◆ Task objective ◆
Leave the pictures aside and copy all the data exactly.

◆ Available data ◆
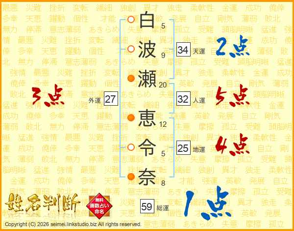 白波瀬恵令奈さんの総運は59画の1点!
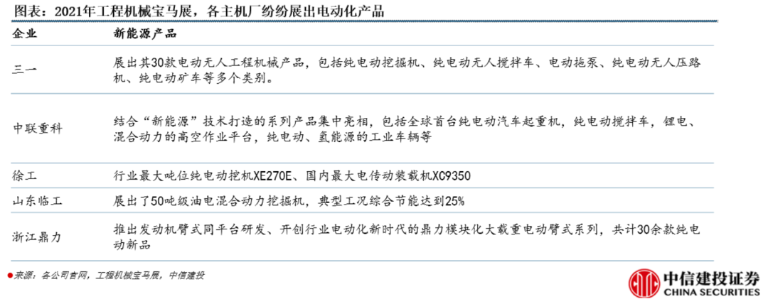 工程機械龍頭企業(yè)在電動化領(lǐng)域研發(fā)實力更強,布局更早,將引領(lǐng)行業(yè)進步與變化,重點推薦三一重工、中聯(lián)重科、徐工機械。
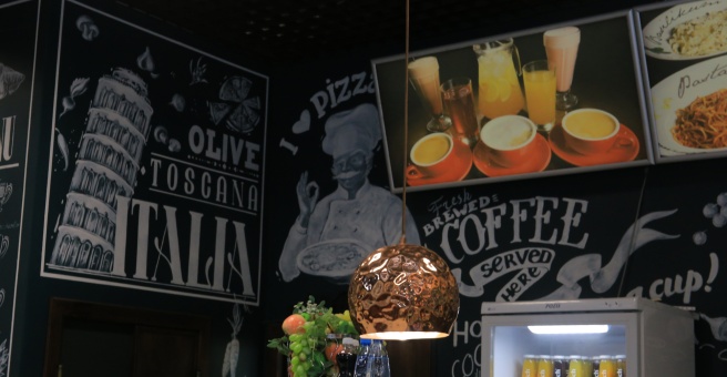 Зал пиццерии уютный, светлый, с мягкими диванами и тёплой подсветкой. Пространство продумано так, чтобы здесь было комфортно всем — от семей с детьми до тех, кто пришёл на быстрый обед. Открытая кухня позволяет видеть, как рождаются любимые блюда, а простая и понятная подача делает посещение максимально лёгким и приятным. Это не формальное заведение и не суетное кафе, а место для отдыха, вкусной еды и ощущения уюта.

◆ Solved exercise ◆
 白波瀬恵令奈さんの総運は59画の1点!
 工程機械龍頭企業(yè)在電動化領(lǐng)域研發(fā)實力更強,布局更早,將引領(lǐng)行業(yè)進步與變化,重點推薦三一重工、中聯(lián)重科、徐工機械。
 Зал пиццерии уютный, светлый, с мягкими диванами и тёплой подсветкой. Пространство продумано так, чтобы здесь было комфортно всем — от семей с детьми до тех, кто пришёл на быстрый обед. Открытая кухня позволяет видеть, как рождаются любимые блюда, а простая и понятная подача делает посещение максимально лёгким и приятным. Это не формальное заведение и не суетное кафе, а место для отдыха, вкусной еды и ощущения уюта.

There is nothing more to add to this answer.